CREST members and, where applicable, their CREST sponsors, or voting service provider(s), should note that EUI does not make available special procedures in CREST for any particular message. Normal system timings and limitations will, therefore, apply in relation to the input of CREST Proxy Instructions. It is the responsibility of the CREST member concerned to take (or, if the CREST member is a CREST personal member, or sponsored member, or has appointed (a) voting service provider(s), to procure that his CREST sponsor or voting service provider(s) take(s)) such action as shall be necessary to ensure that a message is transmitted by means of the CREST system by any particular time. In this connection, CREST members and, where applicable, their CREST sponsors or voting service provider(s) are referred, in particular, to those sections of the CREST Manual concerning practical limitations of the CREST system and timings.

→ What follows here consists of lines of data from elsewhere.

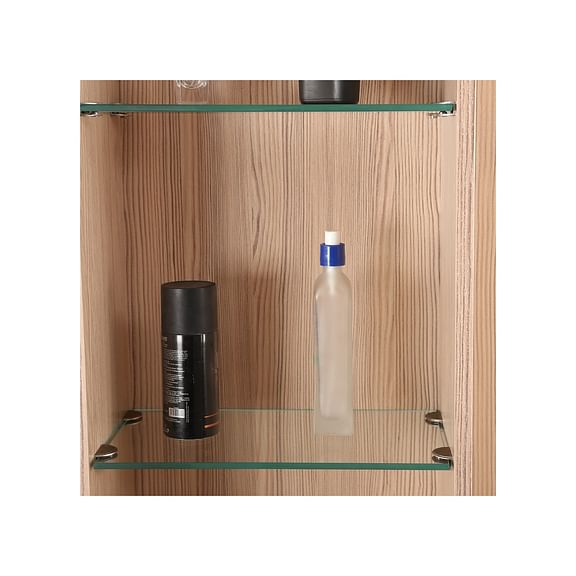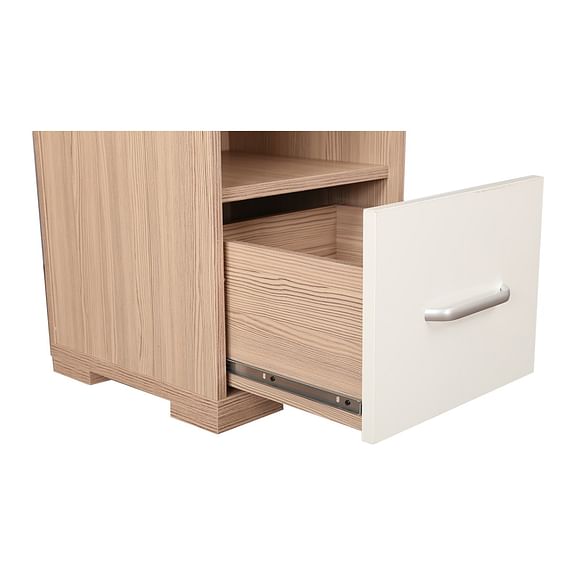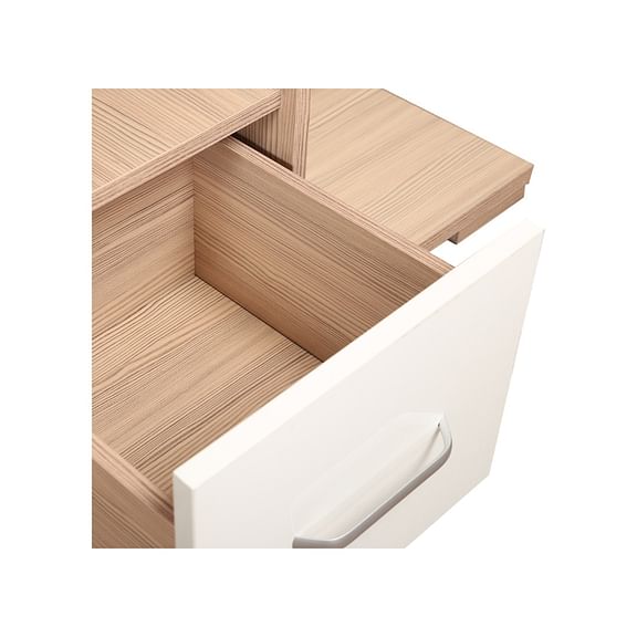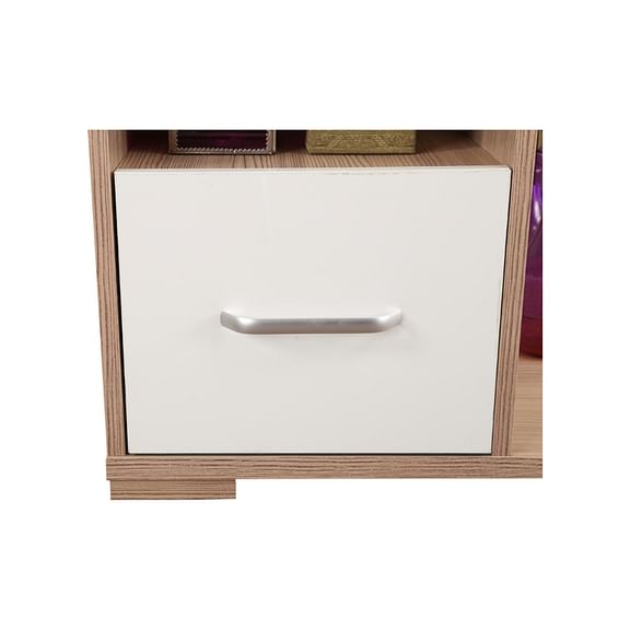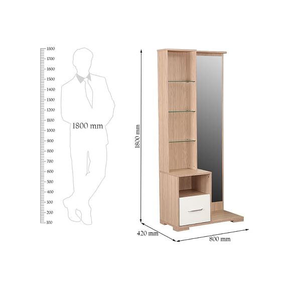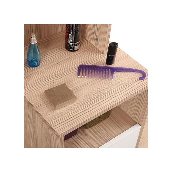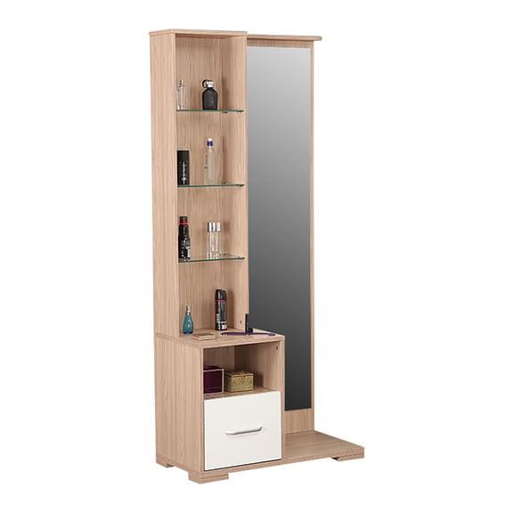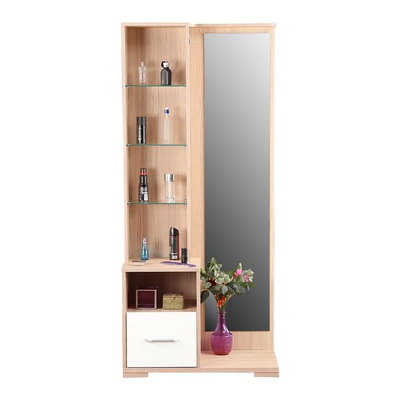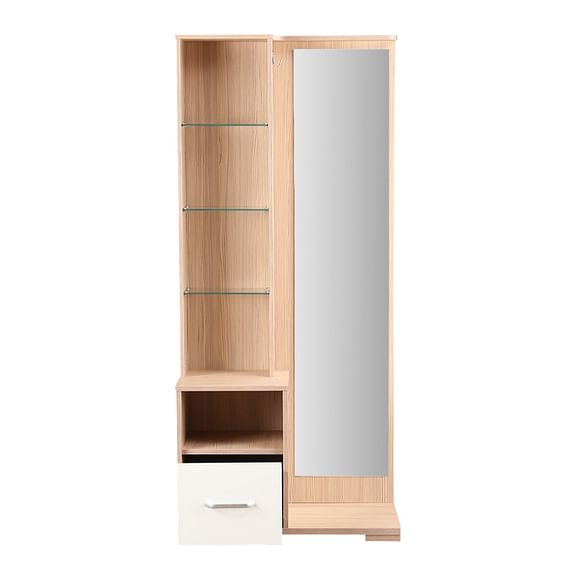 The oak-colored Ambra dresser with full length mirror and natural wood grain finish breathes freshness with its light texture and modern silhouette. The distinct high gloss white drawer shutter with leveled shelf space and attached hooks, makes this a highly functional pick.
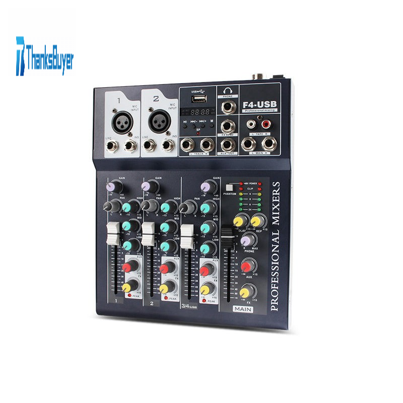 JIY F4 Sound Mixer with USB Professional 4 Channel Audio Mixer Amplifier DJ Mixing Console with Digital Microphone for Home Karaoke
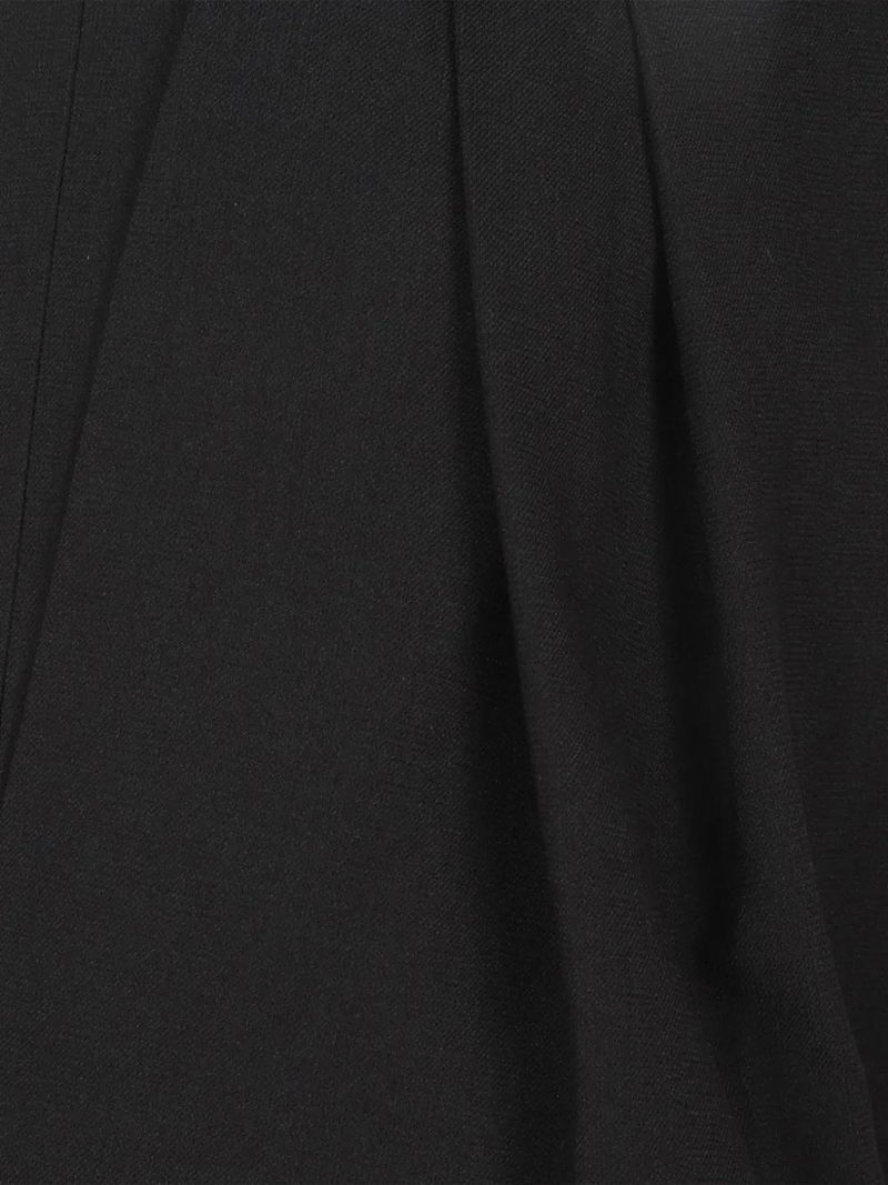 Black pleated belt loops button fastening slip pockets rear welt pockets.
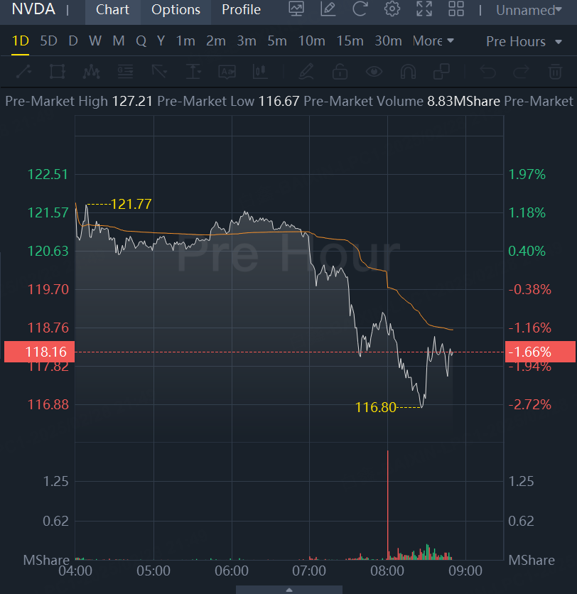 Nvidia stock fell 1.7% to $118 in premarket trading Friday while futures tracking the Nasdaq 100 were flat.

The Company may treat as invalid a CREST Proxy Instruction in the circumstances set out in Regulation 35(5)(a) of the Uncertificated Securities Regulations 2001 (as amended).
Where the Company is required to place a statement on a website under section 527 of the Act, it must forward the statement to the Company's auditor not later than the time when it makes the statement available on the website. The business which may be dealt with at the AGM includes any statement that the Company has been required under section 527 of the Act to publish on a website.
The notes on the following pages give an explanation of the proposed resolutions.
For each financial year, the directors must present an independent auditor's report on the financial statements, a strategic report, a directors' report and accounts to shareholders at a general meeting. Those to be presented at the AGM are in respect of the year ended 30 June 2014.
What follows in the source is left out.